Rational
It is desired that we add an “Repair” mechanism for Ubuntu Core devices to deal with extraordinary situations that require an out-of-band emergency update when the regular snapd update mechanism is not working for whatever reason (like a previous bad update, an incompatible combination of software or something that we did not foresee now).
Because of the powerful nature of this feature we created a very clear design to ensure this mechanism is secure, resilient, effective and transparent.
Running repairs
What repairs to run
The snap-repair code will retrieve the repairs, distributed as assertions, to run in sequence, retrieving and executing one at a time.
When running snap-repair after booting for the first time, a device will start from the beginning of the sequence.
In the future we don’t want devices to download and run all repairs that ever existed, many of which would not be relevant anymore. We expect snap-repair to grow mechanisms to decide a starting-point in the sequence, combining information from the image and possibly querying a service. Given that repairs are assertions that can be revisioned and updated, we expect to be able to postpone detailing this starting-point mechanism by knowing that if needed we can use the first repair in the sequence that will be a NOP/testing repair to control this for images with the first iteration(s) of snap-repair.
When run the repair must echo one of the following states to $SNAP_REPAIR_STATUS_FD: (done
, retry
).
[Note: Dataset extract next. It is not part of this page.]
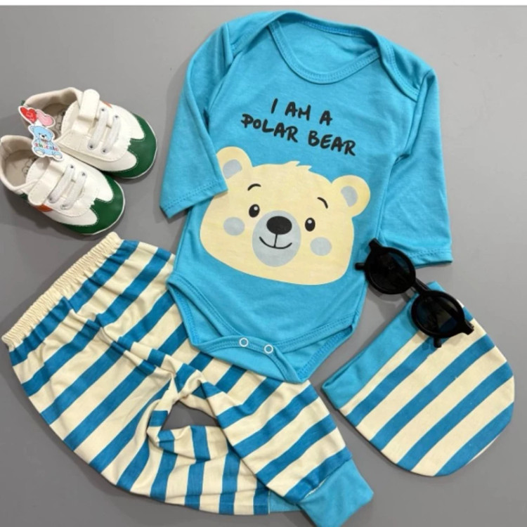 سیسمونی نوزادی پسرانه زیردکمه و شلوار و کلاه خرس آبی

The retry
state is important, because the repair may act on a system that does not yet need a repair. E.g. core breaks in r100 but the assertion is already downloaded when core is at r99. we must ensure we re-run the script until r100 is reached.
The snap-repair run infrastructure exposes a repair
helper (likely a symlink on PATH back to snap-repair) to help with those details:
repair done
repair retry
- to control skipping over parts of the sequence:
repair skip ID
If a repair script finishes without having emitted its state it will be assumed to be retry
.
We also plan a mechanism such that repairs can be presented to a device using a USB stick.
When to run repairs
We will run the repair fetcher/runner every 4h+random(4h) via a systemd timer unit. All new assertions or in retry
state will be run and states updated.
We also plan to run repairs once per boot early (from initrd even if possible).
Assertion
We add a new assertion called “repair”. The primary key of the assertion is (brand-id, repair-id). The repair-id is initially defined as an increasing number starting from 1.
In order to fetch a repair assertion in the sequence, snap-repair will do a GET on an http
repair url that takes the same form as the assertion endpoints.
The current version of the mechanism will consider one sequence with brand-id canonical
, useful to repair any Core device. It’s easy to extend this to have per brand sequences as well to consider, and later possibly model specific sequences (by extending the repair-id format and fetch and run logic).
summary
is mandatory and should concisely document what the repair addresses.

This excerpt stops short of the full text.